BY Glen Helfand, September 30, 2015

There’s a heightened sensitivity to properties of water in drought-stricken California. Here, we think of the contents of each flush, or the ethics of a swimming pool. This has a way of making us appreciate the aesthetics of liquid. The dozen weirdly wonderful black-and-white photographs by Alejandro Almanza Pereda on view at the San Francisco Art Institute through October 3 don’t immediately suggest their reliance on water, but they’re photographed in underwater conditions that confuse the appearance of weight and buoyancy.

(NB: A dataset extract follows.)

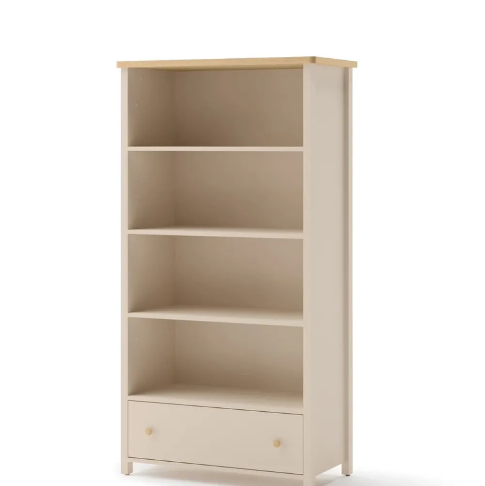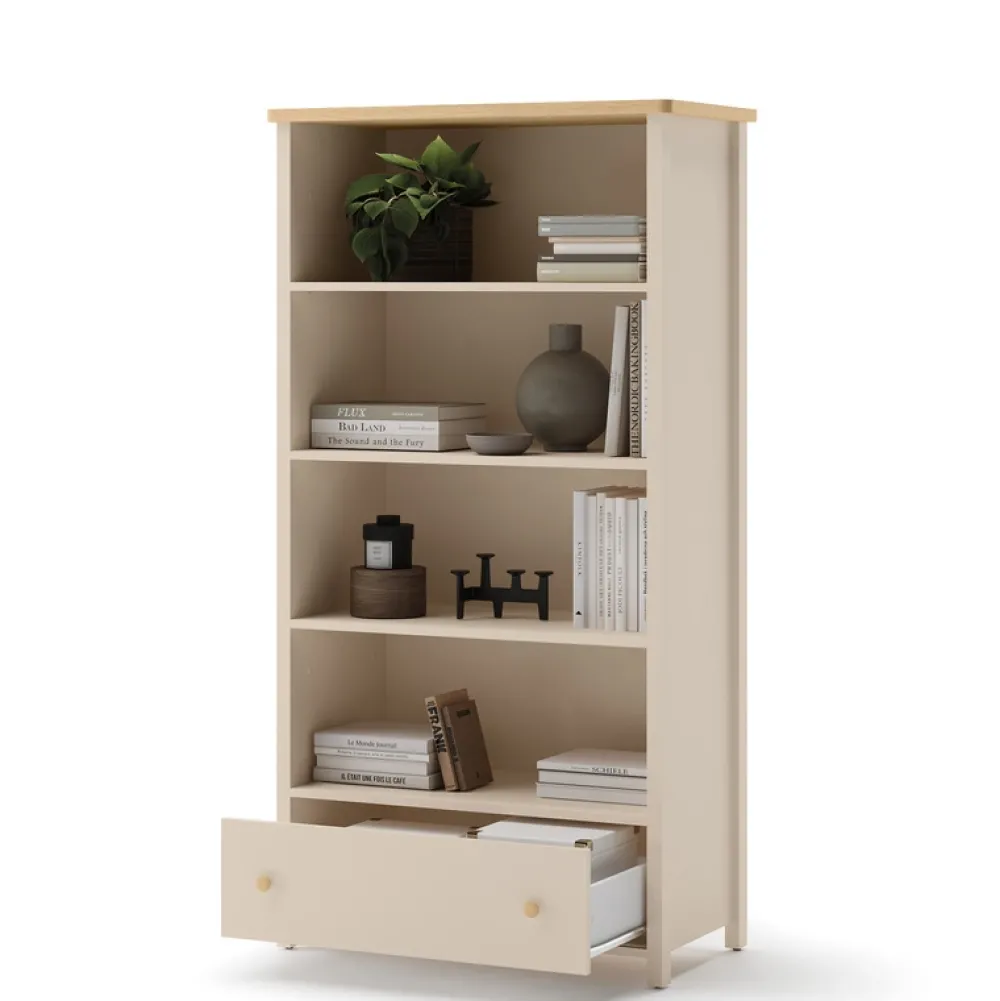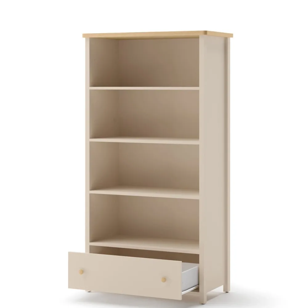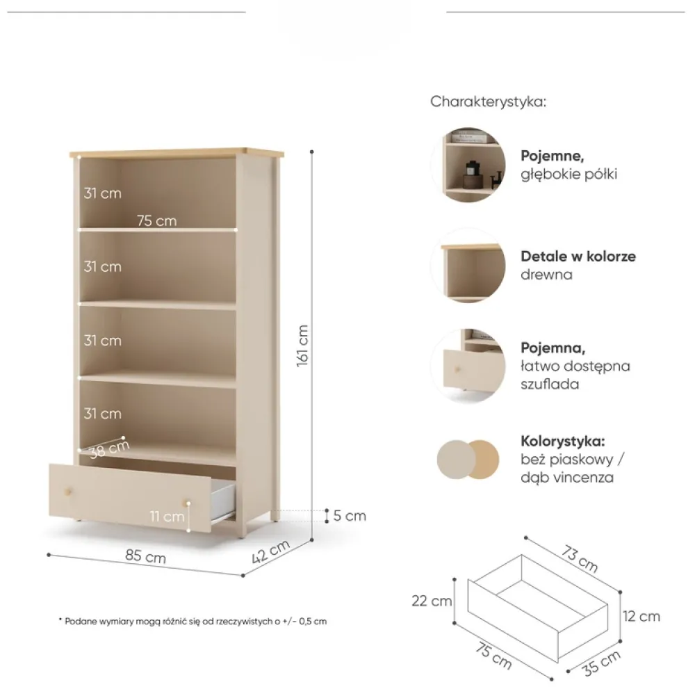 Regał biblioteczka STORY to funkcjonalny mebel, który doskonale sprawdzi się jako miejsce na książki, dokumenty czy dekoracje. Wyposażony w cztery głębokie półki i łatwodostępną szufladę, pozwala na estetyczne przechowywanie i utrzymanie porządku. Beżowa kolorystyka w połączeniu z blatem w dekorze dąb vincenza bielona dodaje wnętrzu przytulnego charakteru i harmonii.

The first photograph on view is titled Apparent Weight, 2015, and it concisely introduces the general elements of this exhibition: It shows an opaque bag, an object that contains air and yearns to float out of the frame, except that it is anchored by a dumbbell.  There are formal connections between these objects, but the image also prompts viewers to rethink how gravity functions in water. The pictures have a fabricated-to-be-photographed approach also seen in Daniel Gordon’s elaborate constructions and Sara VanDerBeek’s totemic sculptures, though the athletic narrative underlying Almanza’s process activates his static shots of cinderblocks, Styrofoam shards, fruits, vegetables, and vases doing what they do when submerged in liquid. Things you expect to rise sink, and vice versa, or structures block floating objects, making them appear to defy gravity. The uncanny scenes seem to be altered in some way, but they are, in fact, straight photographs taken in unusual conditions.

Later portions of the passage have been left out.